Today I have an interesting task that one of our Dynamo DB tables need to add a sort key (used to be called range key). Unlike secondary index, obviously I cannot alter the table to add a sort key, because it will change the partition and Dynamo DB will not allow such operation. It seems that the easiest approach is
- Create a new table B with primary key and sort key, copy the data from table A to table B;
- Drop table A, and recreate table A with the same schema as table B, then copy the data from table B to table A.
The downside is that there will be an outage, but we are okay with that if we can minimize the duration to be just a couple of hours.
Another challenge is that the table has more than 250MM rows. So step 2 needs to be distributed.
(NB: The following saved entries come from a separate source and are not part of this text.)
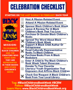 Join us in celebrating Black Children’s Book Week February 23-March 1, 2025! Virtually and face-to-face join us in sharing books that highlight black characters or black antagonists for all readers. As with any events we host, we focus on FUN and Literacy through S.T.E.A.M.! We discuss our self -care action plans and support and uplift one another! When you join us this week, use the Black Children’s Book Week Checklist to check off ways you decide to celebrate! We look forward to you sharing your experiences with us!
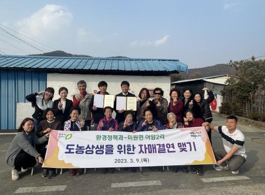 청주시 환경정책과가 9일 미원면 어암2리와 자매결연 협약행사를 가졌다.
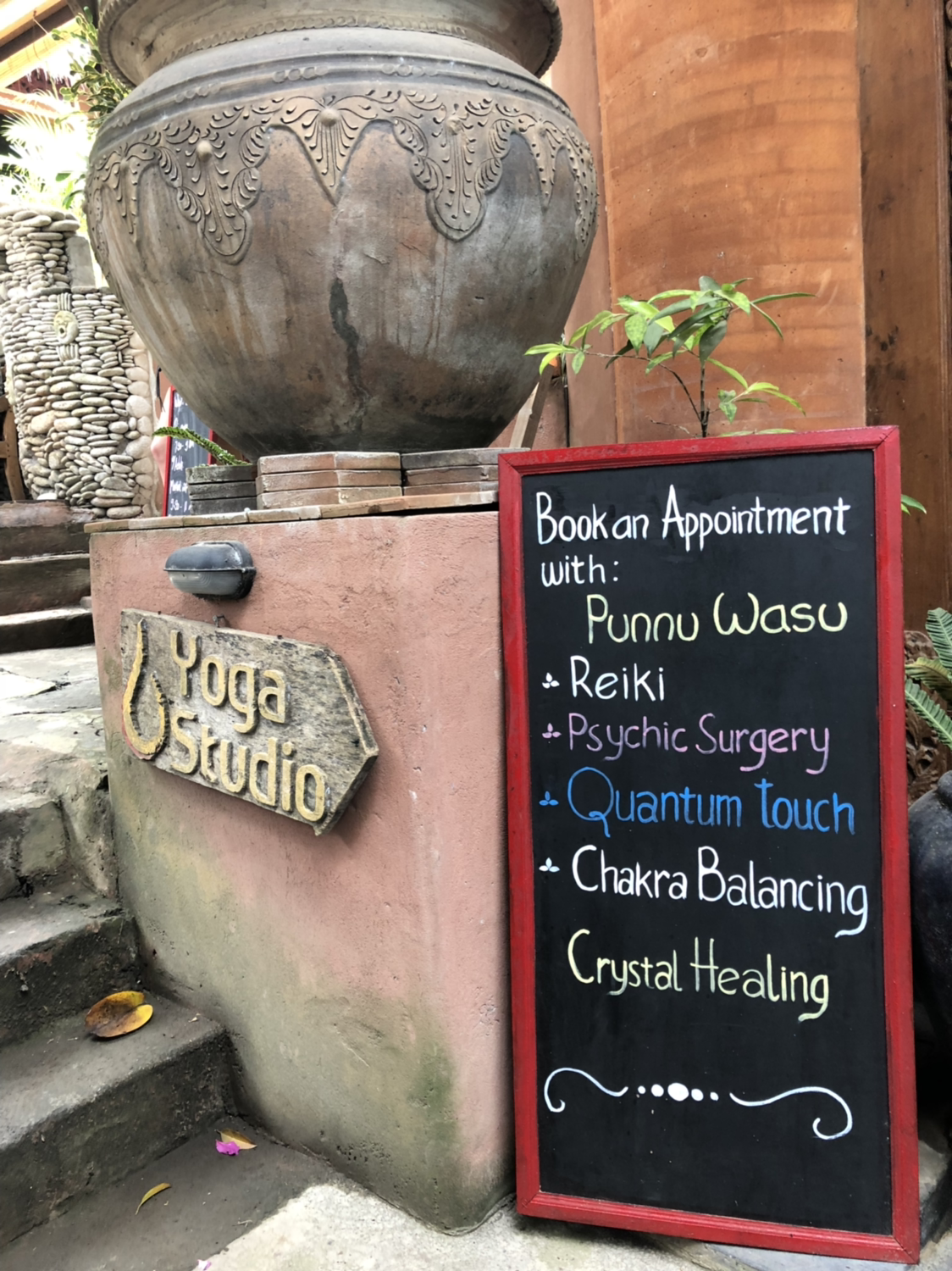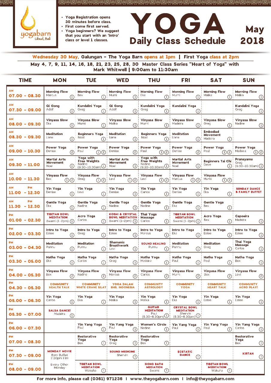 요가 반은 우붓 삼거리(내 맘대로 붙여서 부르는 이름) 근처에 위치하고 있는데, 코코 마트와도 가깝다. 골목으로 좀 들어가야 하며, 큰 길가부터 표지판으로 안내가 되어 있어서 찾기 쉽다. 리셉션에 가면 직원들이 친절하게 안내를 해준다. 요가 반은 여러 종류의 멤버십 카드를 팔고 있는데, 1회권은 150K이고 회수가 늘어날수록 조금씩 디스카운트를 해줬다. 한 달 무제한 멤버십은 20만 원 정도 했던 것으로 한국에 비하면 비싼 가격이었다. 나는 3회권을 끊어서 요가 클래스를 들어보기로 했다. 시간표에는 정말 많은 종류의 요가가 있었다. 거의 매 시간마다 수업이 있는데, 생소한 요가도 많이 있었다. 요가뿐만 아니라 명상이나 댄스 태극권 같은 것도 시간표에 있다.
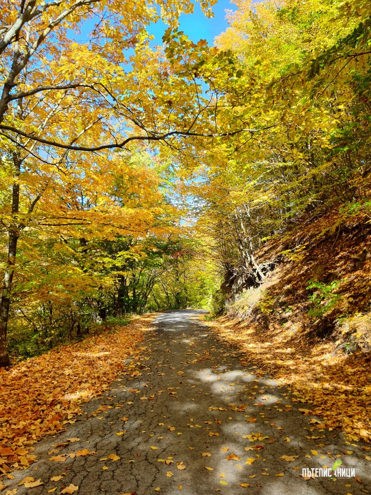 Връщаме се по обратния път и събираме слънце. Толкова е тихо и спокойно, че не ми се слиза в градската джунгла. Тук се чувствам извън времето. Чувам по-ясно ударите на сърцето си, хващам мислите си и дишам с лекота. Есен е. Двама сме. Това ми е достатъчно, за да облека този миг в обич.
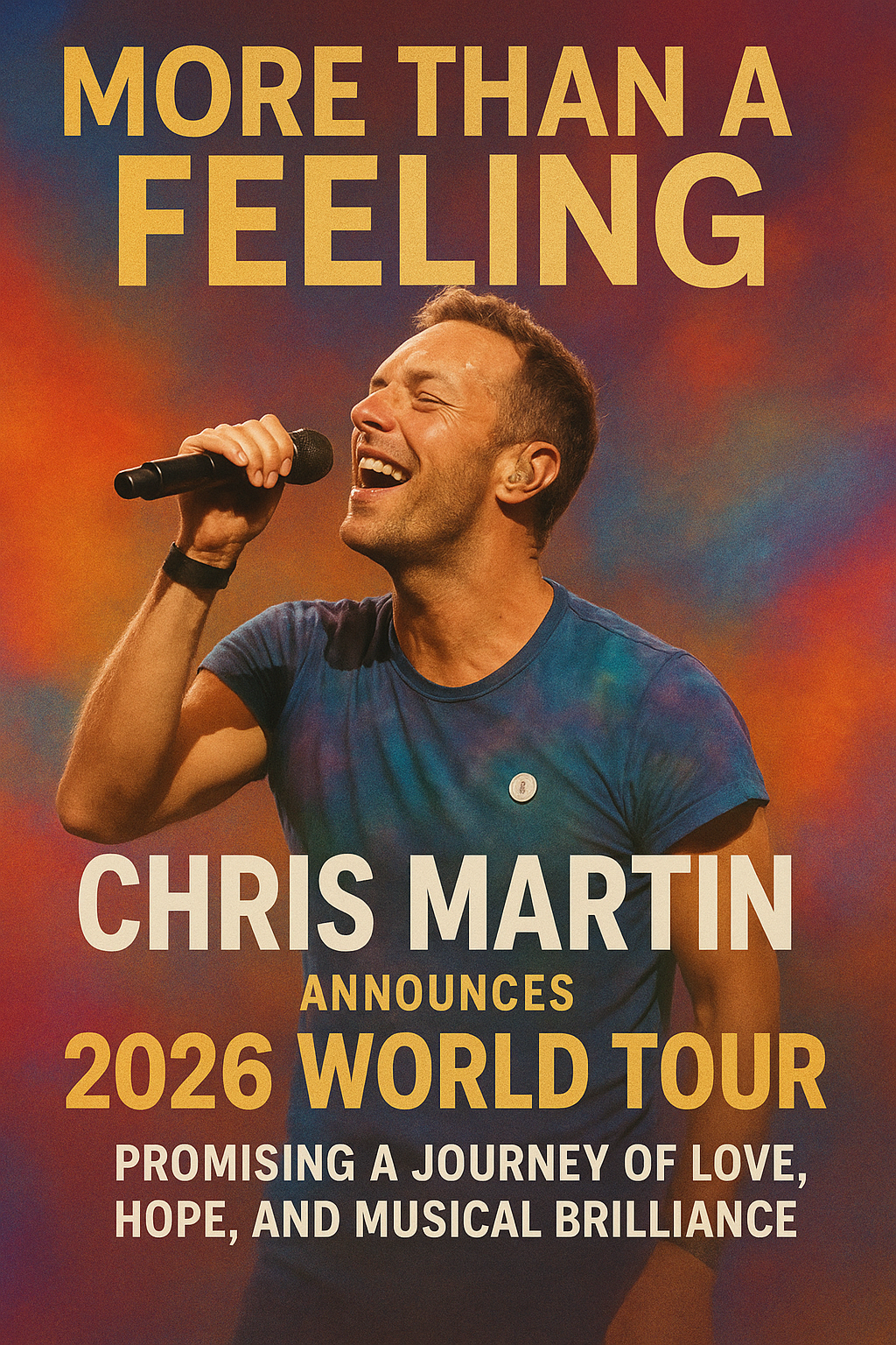 Chris Martin, the iconic frontman of Coldplay, has officially announced his highly anticipated 2026 World Tour, titled “More Than a Feeling, Time.” The tour is set to be a grand celebration of love, hope, and timeless music that has defined generations. Known for his emotional performances and uplifting anthems, Martin promises fans an unforgettable experience filled with light, color, and connection.
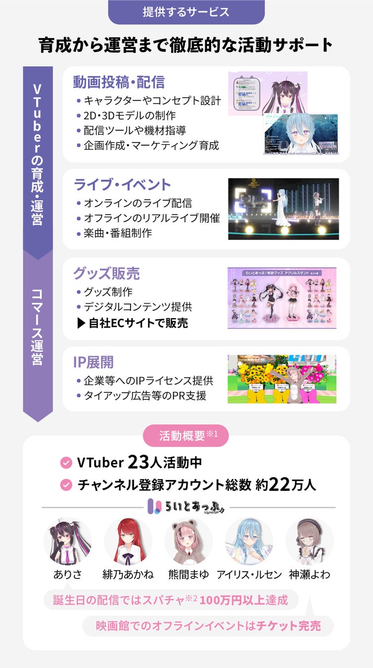 クリエイターとして輝くためのマネジメントだけでなく、動画配信やイベント開催時の裏方作業を含め、VTuber業界で生き抜くために必要なスキルを幅広く教育しています。
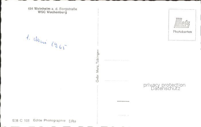 72096275 Weinheim Bergstrasse WSC Wachenburg postalisch nicht gelaufen Erhaltung siehe scans KatCode: 11110008226096
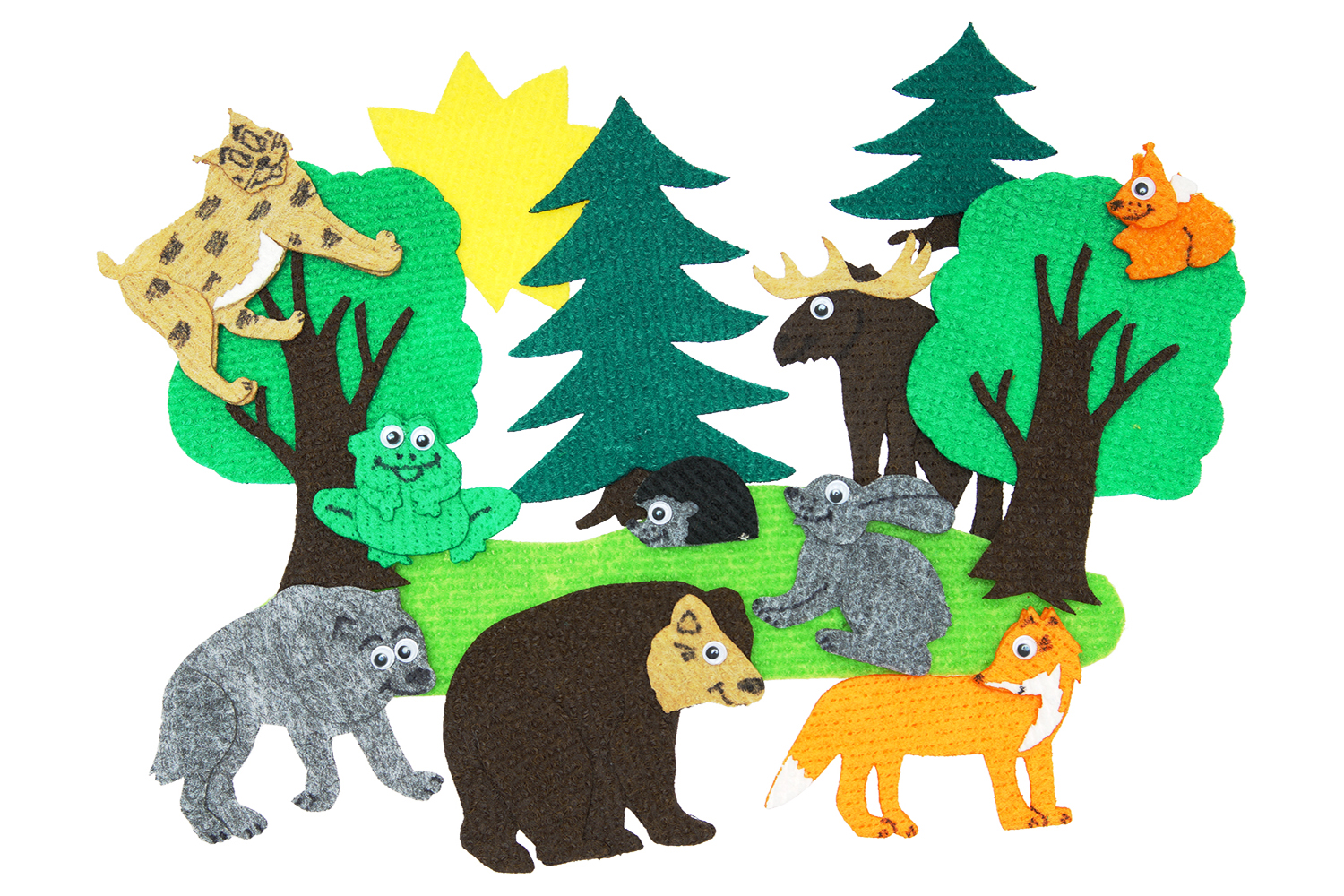 Поле 20*30см, дерево-2шт, елка-2шт.,солнце, медведь, лось, волк, лиса, рысь, заяц, еж, белка, лягушка. Фигурки 4,5*10см.

I have used Data Pipeline before to back-up data from Dynamo DB to S3 on a weekly schedule, so Data Pipeline seems to be a feasible choice for this job (see the last paragraph for its limitations). Unfortunately there is no template I can re-use, so here is the configuration I set up:
CopyActivity (HiveCopyActivity) has input: DynamoDBFrom (data format: DynamoDBExportDataFormat), and output: DynamoDBTo. It runs on EMRResource (EmrCluster) with the following parameters:
Master Instance Type: m3.2xlarge
Core Instance Type: m3.2xlarge
Core Instance Count: 10
Ami Version: 3.11.0
Terminate After: 24 hours
That’s it, save and no errors! Activate the job!
Edit: Apparently this solution will not scale either. When I compare the table size between from and to, there is a significant difference. I tested with a small table of 1MM records and it worked fine. My guess is that how distributed scan operation works on Dynamo DB is not consistent.